> **SOURCE DATA**:
____________________

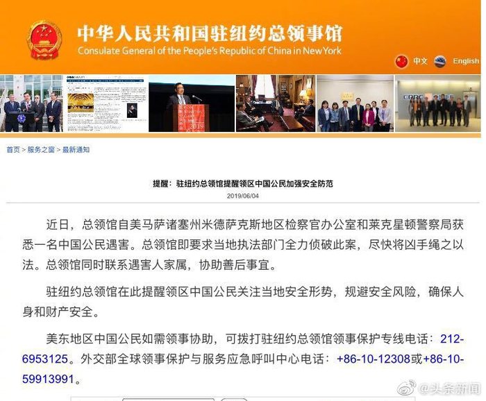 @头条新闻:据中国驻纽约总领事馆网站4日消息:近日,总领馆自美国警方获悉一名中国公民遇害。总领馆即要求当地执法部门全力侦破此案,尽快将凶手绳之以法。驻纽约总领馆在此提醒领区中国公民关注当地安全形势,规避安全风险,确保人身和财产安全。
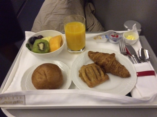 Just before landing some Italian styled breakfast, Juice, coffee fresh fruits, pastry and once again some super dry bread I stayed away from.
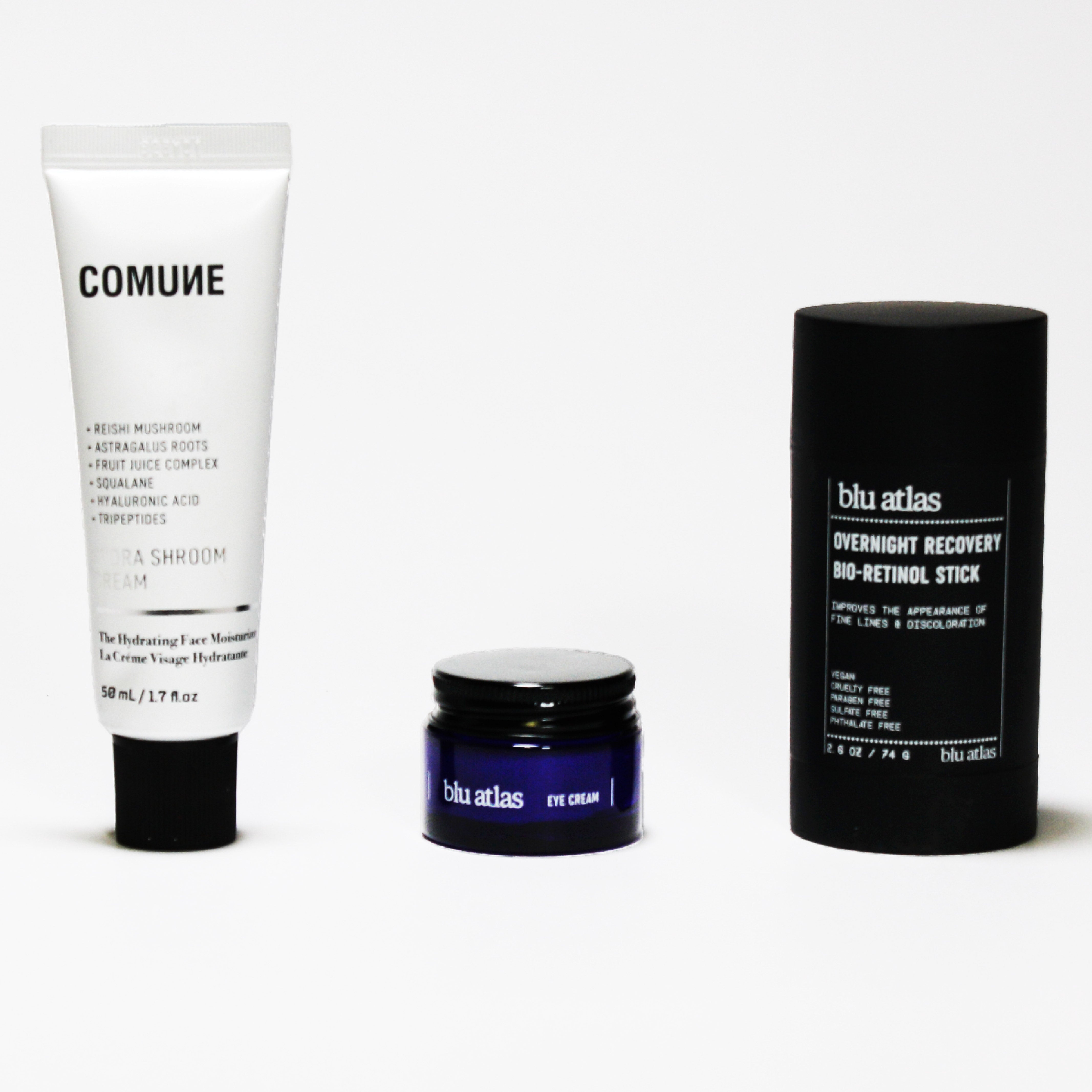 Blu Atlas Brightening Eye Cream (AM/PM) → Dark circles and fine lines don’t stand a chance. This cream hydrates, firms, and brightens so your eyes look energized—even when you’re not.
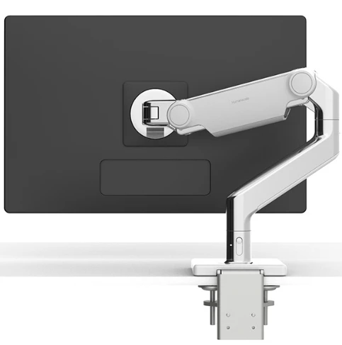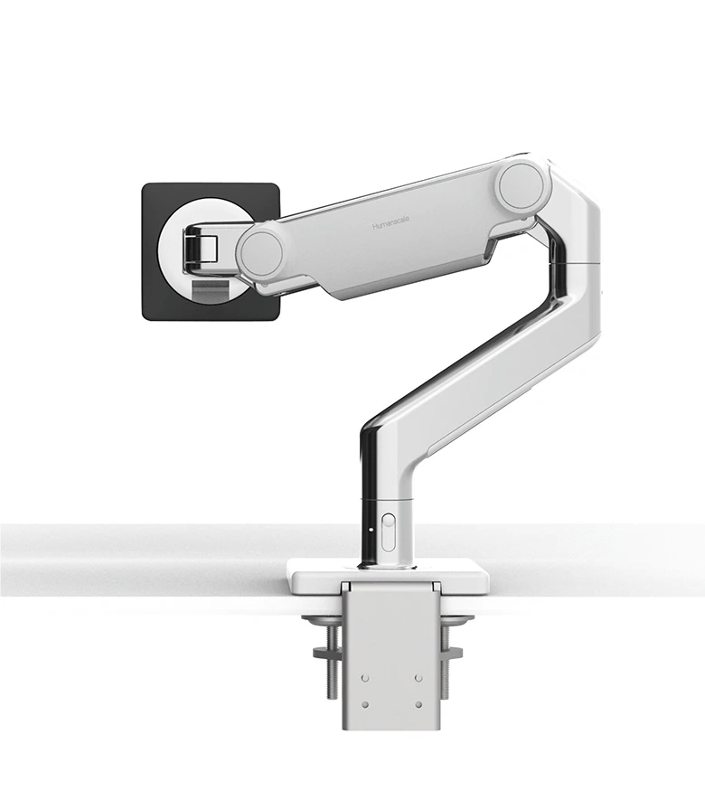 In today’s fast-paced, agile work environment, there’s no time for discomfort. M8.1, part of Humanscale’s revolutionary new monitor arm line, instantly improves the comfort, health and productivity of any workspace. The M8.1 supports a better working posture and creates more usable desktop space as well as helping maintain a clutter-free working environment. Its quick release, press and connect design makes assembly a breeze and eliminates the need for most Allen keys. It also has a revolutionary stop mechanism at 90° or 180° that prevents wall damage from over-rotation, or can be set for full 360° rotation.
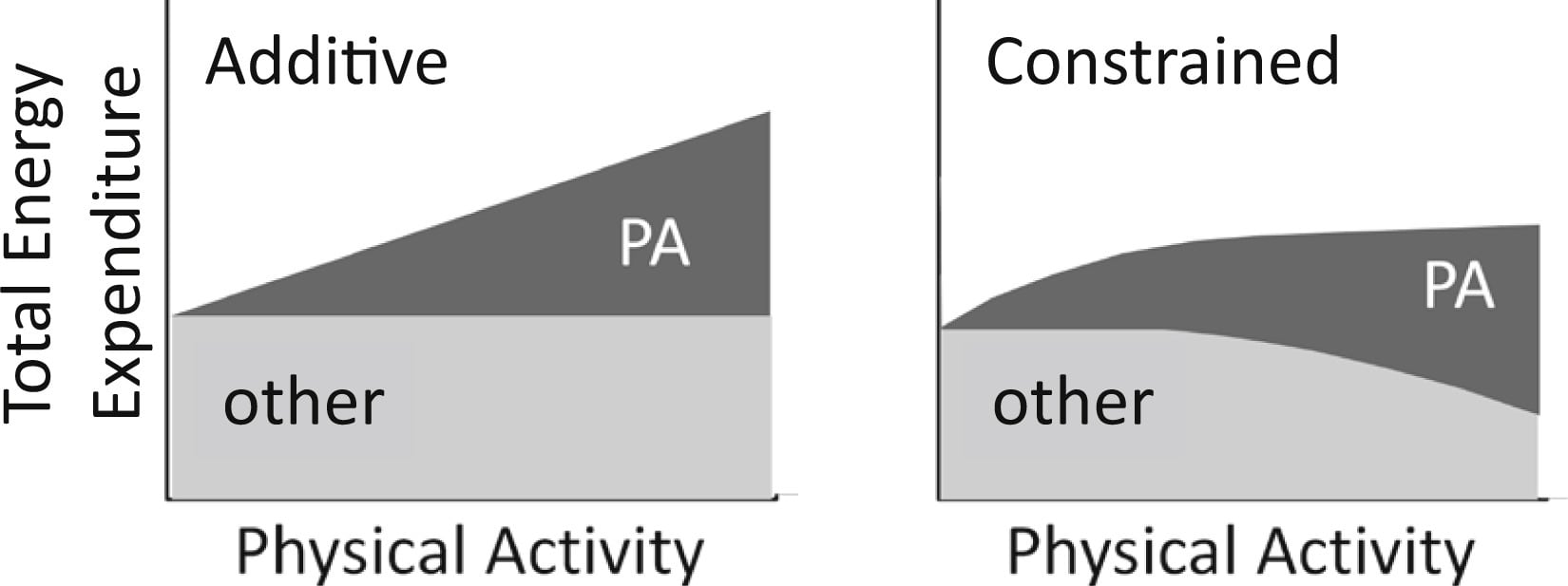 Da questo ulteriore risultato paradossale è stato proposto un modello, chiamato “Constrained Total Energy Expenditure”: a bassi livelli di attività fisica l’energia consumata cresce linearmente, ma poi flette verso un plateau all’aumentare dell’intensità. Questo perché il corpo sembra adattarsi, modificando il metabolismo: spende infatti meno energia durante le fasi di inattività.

____________________

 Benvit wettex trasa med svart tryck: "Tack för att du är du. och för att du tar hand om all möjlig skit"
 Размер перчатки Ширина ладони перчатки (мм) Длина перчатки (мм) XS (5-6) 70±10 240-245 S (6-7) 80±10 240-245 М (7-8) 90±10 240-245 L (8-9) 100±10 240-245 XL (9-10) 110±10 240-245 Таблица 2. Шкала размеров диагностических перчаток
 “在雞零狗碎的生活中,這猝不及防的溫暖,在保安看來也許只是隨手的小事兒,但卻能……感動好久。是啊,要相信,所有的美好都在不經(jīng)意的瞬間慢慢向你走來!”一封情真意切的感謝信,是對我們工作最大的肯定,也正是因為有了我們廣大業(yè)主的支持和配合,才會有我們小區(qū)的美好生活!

____________________

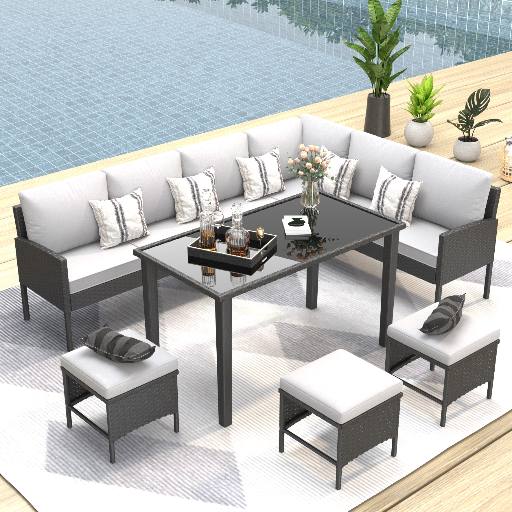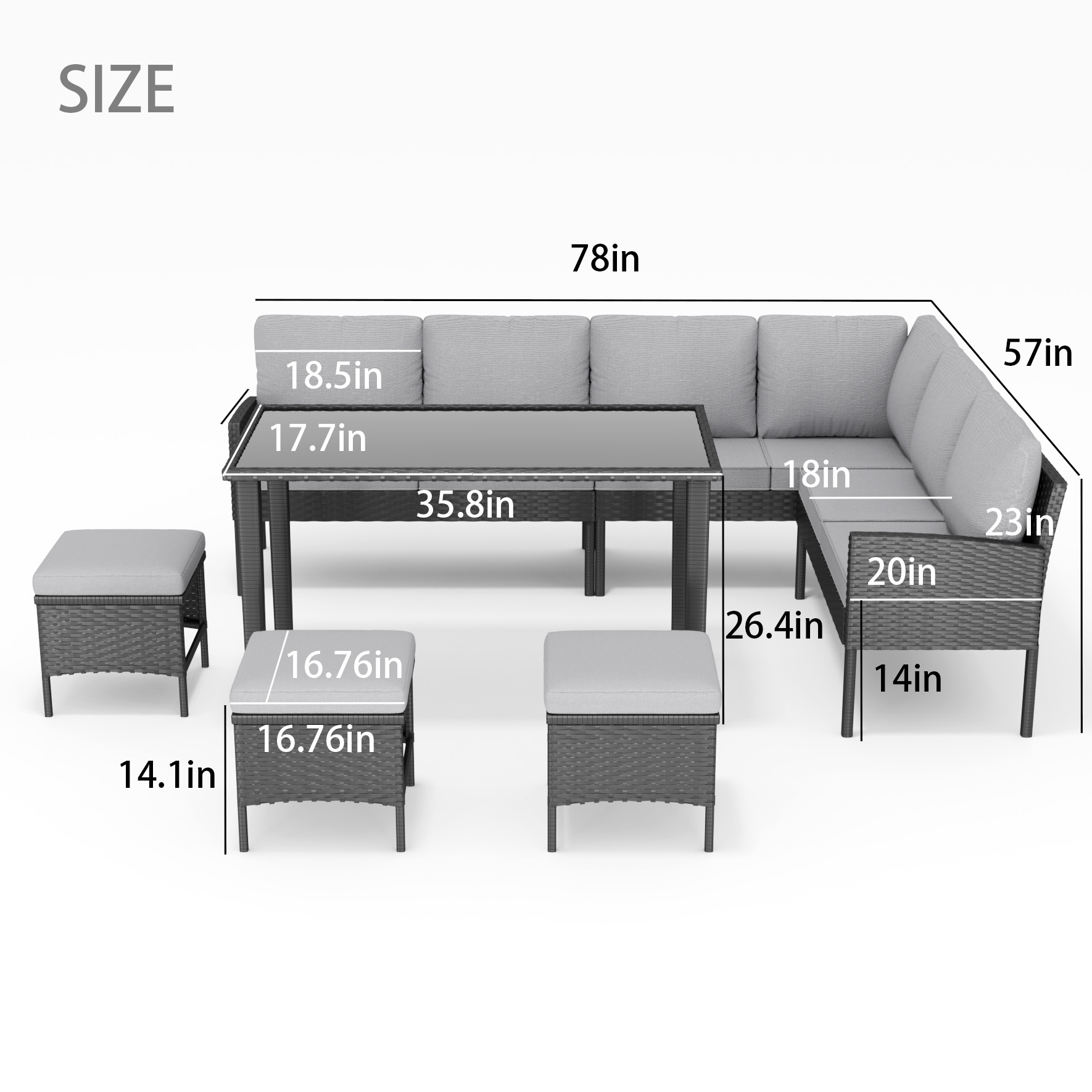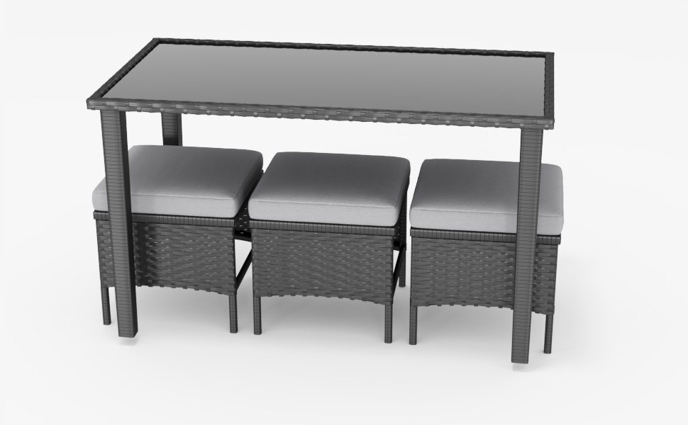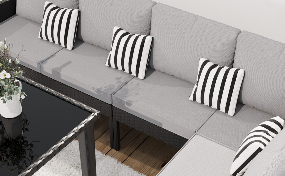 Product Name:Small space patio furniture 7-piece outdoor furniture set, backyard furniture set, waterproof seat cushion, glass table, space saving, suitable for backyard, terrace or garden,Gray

____________________

> **ASSIGNED TASK**: Skipping every picture, transcribe exactly the lines above from the one containing "Blu Atlas Brightening" through the one containing "Da questo ulteriore", both included.

> **TASK ANSWER**:
 Blu Atlas Brightening Eye Cream (AM/PM) → Dark circles and fine lines don’t stand a chance. This cream hydrates, firms, and brightens so your eyes look energized—even when you’re not.
 In today’s fast-paced, agile work environment, there’s no time for discomfort. M8.1, part of Humanscale’s revolutionary new monitor arm line, instantly improves the comfort, health and productivity of any workspace. The M8.1 supports a better working posture and creates more usable desktop space as well as helping maintain a clutter-free working environment. Its quick release, press and connect design makes assembly a breeze and eliminates the need for most Allen keys. It also has a revolutionary stop mechanism at 90° or 180° that prevents wall damage from over-rotation, or can be set for full 360° rotation.
 Da questo ulteriore risultato paradossale è stato proposto un modello, chiamato “Constrained Total Energy Expenditure”: a bassi livelli di attività fisica l’energia consumata cresce linearmente, ma poi flette verso un plateau all’aumentare dell’intensità. Questo perché il corpo sembra adattarsi, modificando il metabolismo: spende infatti meno energia durante le fasi di inattività.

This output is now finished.